ForwardDiff.hessian(βsub -> f([βsub; β[6:end]]), β[1:5])


i.e., fix the other variables and differentiate wrt the first 5. Possibly with @views.

This assumes that you don’t want or can’t use X[:,1:5]' * X[:,1:5] directly, which should be simpler and faster.

4 Likes

@abelsiqueira your suggestion makes sense to me, but it seems to need “compiling” everytime I run it?

julia> @time ForwardDiff.hessian(βsub -> f([βsub; β[6:end]]), β[1:5]);

0.846585 seconds (2.78 M allocations: 181.728 MiB, 3.49% gc time, 99.55% compilation time)

julia> @time ForwardDiff.hessian(βsub -> f([βsub; β[6:end]]), β[1:5]);
0.837404 seconds (2.78 M allocations: 181.686 MiB, 3.57% gc time, 99.56% compilation time)


As you can see, 99% of time is spent on compilation in every @time call. Do you have any idea why?

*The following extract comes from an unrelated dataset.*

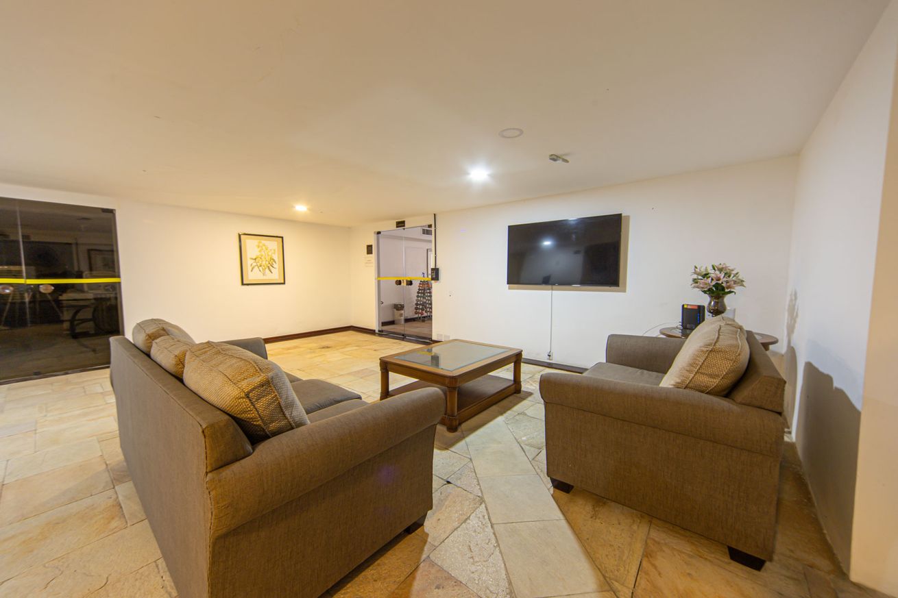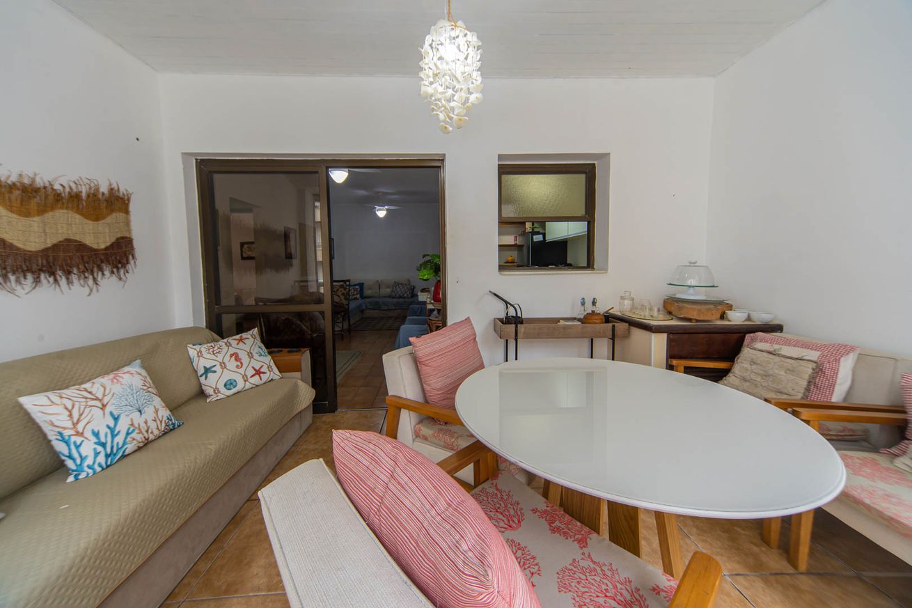- Sala bem iluminada e completa com sofás confortáveis, Smart TV, mesa de jantar e decoração acolhedora

If we can’t avoid compilation, computing the full Hessian with autodiff is actually much faster

julia> @time ∇²f(β);
0.000904 seconds (90 allocations: 298.297 KiB)


Using views should help: The @view and @views macros: are you sure you know how they work? | Blog by Bogumił Kamiński

It seems @views  is not helping much

julia> @time ForwardDiff.hessian(βsub -> f([βsub; @view(β[6:end])]), @view(β[1:5]));
0.788638 seconds (2.54 M allocations: 167.458 MiB, 5.49% gc time, 99.74% compilation time)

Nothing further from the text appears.